The thesis commences with an investigation into the morphology of the drainage
system of the lower 14 km of Leverett Glacier. This is undertaken using a variety of
field methods, including dye tracing and the monitoring of proglacial discharge,
englacial water levels, surface melt rates and glacier motion. The data reveal that the
drainage system of the glacier closely resembles that of alpine glaciers, undergoing an
evolution from distributed to channelised drainage morphologies as the melt season
progresses. Another aspect of the field data, the suspended sediment load evacuated
from the subglacial system in the emerging proglacial river, is then examined to
investigate the impact that this drainage system morphology has on the interaction
between the glacier and the underlying bedrock or substrate. This demonstrates that
the presence of large, efficient subglacial drainage channels allows for the removal of
vast quantities of basal debris during much of the melt season, facilitating an erosion
rate 1-2 orders of magnitude greater than previously proposed for ice sheet settings.
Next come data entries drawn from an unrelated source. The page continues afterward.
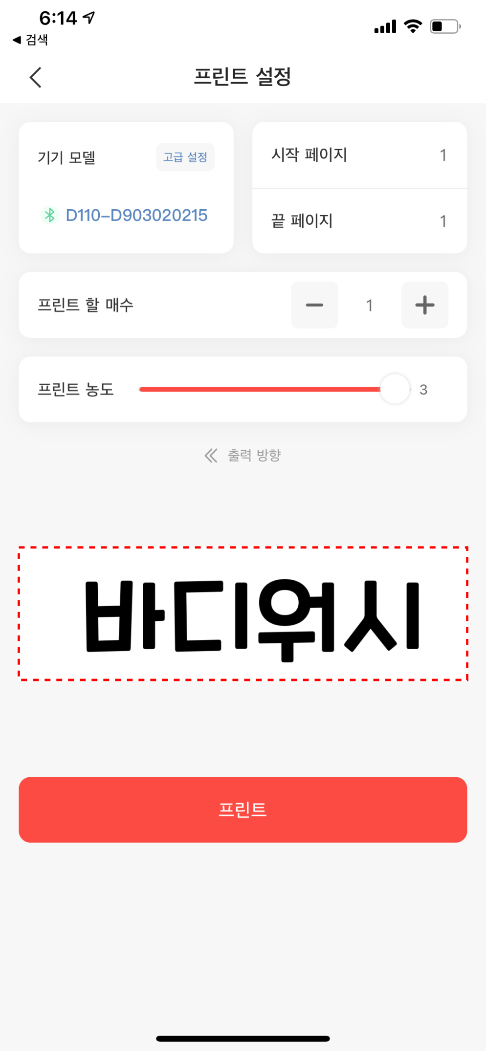 매수와 농도 등 원하는 설정을 입력한 뒤 프린트를 누르면 원격으로 기계에서 바로 프린팅 되어 나온다.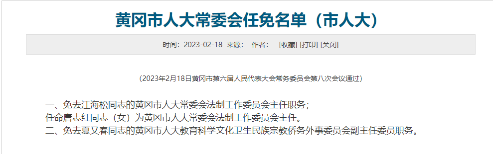 大皖新闻讯 2月18日,湖北黄冈市人大常委会发布的一份任免名单引发关注,该名单中任免了多位黄冈市人大常委会职务,其中包括“任命唐志红同志(女)为黄冈市人大常委会法制工作委员会主任”。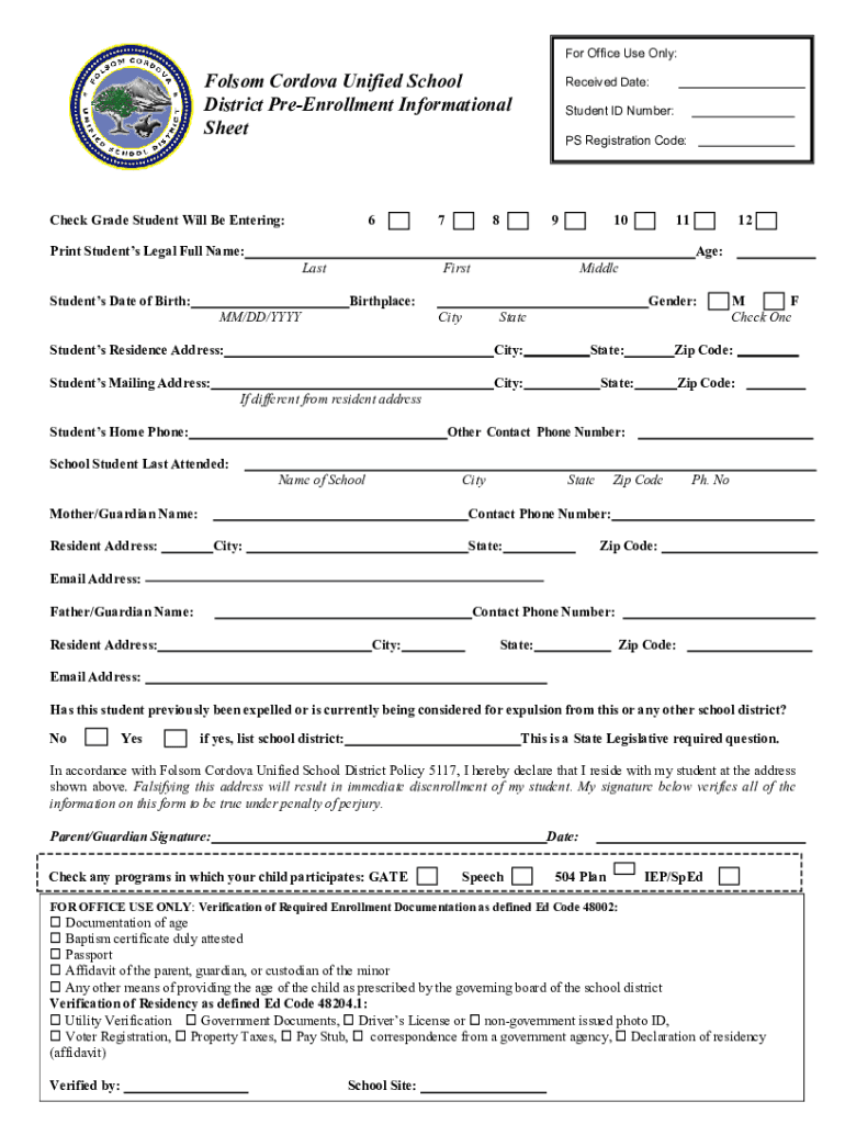 For Office Use Only:Folsom Cordova Unified School District Enrollment Informational Sheetrock Grade Student Will Be Entering: Print Students Legal Full Name: Students Date of Birth:6 Last MM/DD/YYYY7Student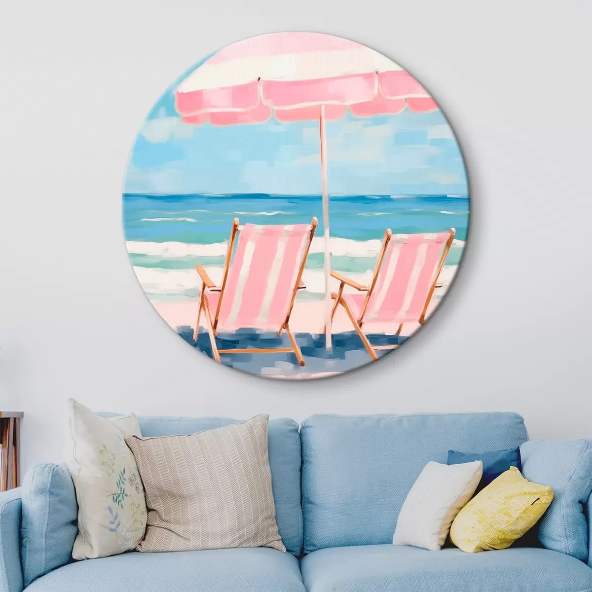 Tableaux rondes Parasol et chaises longues sur la côte Nr r45442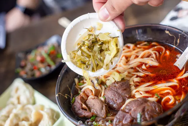 紅燒湯頭搭配略有咬勁的麵條,幾乎近滿分的表現,牛肉也給的蠻多的,用的是牛腱肉,滷的相當透,入口咬下就很有味道,口感上不是那種滷到很爛的,還是略帶有口感,而且完全不卡牙,真的很棒,如果覺得紅燒湯頭還是太重一些的,可以加一點酸菜,會更清爽些。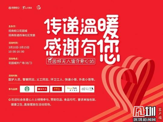 見圳客戶端·深圳新聞網(wǎng)訊(記者 王志明)他們奔波勞累,保障我們生活的秩序與安全他們勇敢逆行盡力守護(hù)城市的正常運轉(zhuǎn):醫(yī)護(hù)人員、警察同志、社區(qū)工作人員、義工同志、環(huán)衛(wèi)工人、快遞小哥、外賣小哥……今天的招商街道,多了一道靚麗的風(fēng)景線。 為了向這群最可愛的人表達(dá)我們的感恩、感動,招商街道四海社區(qū)黨委攜手招商蛇口花園城,共同開啟“無人值守愛心站”公益活動,每天提供上千份愛心食品免費領(lǐng)取,感謝在這座城市里那些不斷奔波守護(hù)著大家生活的平凡英雄們。 活動時間:3月10日至3月15日 活動地點:花園城外廣場 活動對象:醫(yī)護(hù)人員、警察同志、社區(qū)工作人員、 義工同志、環(huán)衛(wèi)工人、快遞小哥、外賣小哥等 除了星巴克、面包新語、面點王、許留山、醒牧等商家熱心公益傾情參與此次公益活動,花園城的許多員工也自發(fā)的采購起來,抱著一份份愛與尊敬時刻補貨,用自己微小的力量幫助著逆行者們。 花園城無人值守愛心站活動時間為3月10日至15日,持續(xù)6天,歡迎社會愛心人士傾情參與食品贊助,所提供物品采用單獨包裝、健康衛(wèi)生,直接擺放在活動現(xiàn)場即可。 春暖花開,山河無恙,人間皆安。待疫情結(jié)束,我們定會溫暖相遇在這座鮮花簇?fù)淼某鞘欣铩?/p>

The thesis then focuses on the relationship between discharge, water pressure and ice
motion. Observations from Greenlandic and alpine glaciers demonstrate that glaciers
generally decelerate through the melt season following a maximum velocity induced
by the onset of melt in the spring. The data indicate that the evolution of the drainage
system from a distributed to a channelised morphology occurs rapidly and so can only
explain this trend in ice velocity during the early part of the melt season. Beyond this
period, ice velocity patterns can instead be explained primarily by transient
fluctuations in water pressure within the channelised drainage system. These transient
pressure fluctuations result from the lag between changes to the rate of meltwater
input to the glacier and the subsequent adjustment of channel cross section. This
indicates that it is crucial to consider temporal variability in melt rate when seeking to
link climate with the dynamics of ice sheets and glaciers. This process can be
simulated, which is demonstrated by using the proglacial discharge record to model
subglacial water pressure and ice velocity.
In the following chapter, this model is built upon by considering how these variations
in water pressure, originating in discrete subglacial channels, control sliding velocities
across large areas of the glacier. Detailed examination of high-resolution ice velocity
records from Leverett Glacier reveals that, in keeping with theory, horizontal ice
velocity is dependent on both the volume of subglacial cavities and the rate-of-change
of this volume. A simple model of subglacial water movement is then used to
demonstrate how these changes in the cavity system could be driven by the pressure
fluctuations predicted within the channelised drainage system. This enables a system
scale model of glacier hydrology to be developed, which is presented in the final
chapter, linking variations in surface melt rate to channel pressure, cavity volume and
ultimately ice motion.
In summary, this research has helped to illuminate the morphology and functioning of
the drainage system of Leverett Glacier. This has improved our understanding of how
hydrology influences both the motion of the Greenland Ice Sheet and its impact on the
underlying topography, and enabled better prediction of how these processes are
influenced by changes in climate.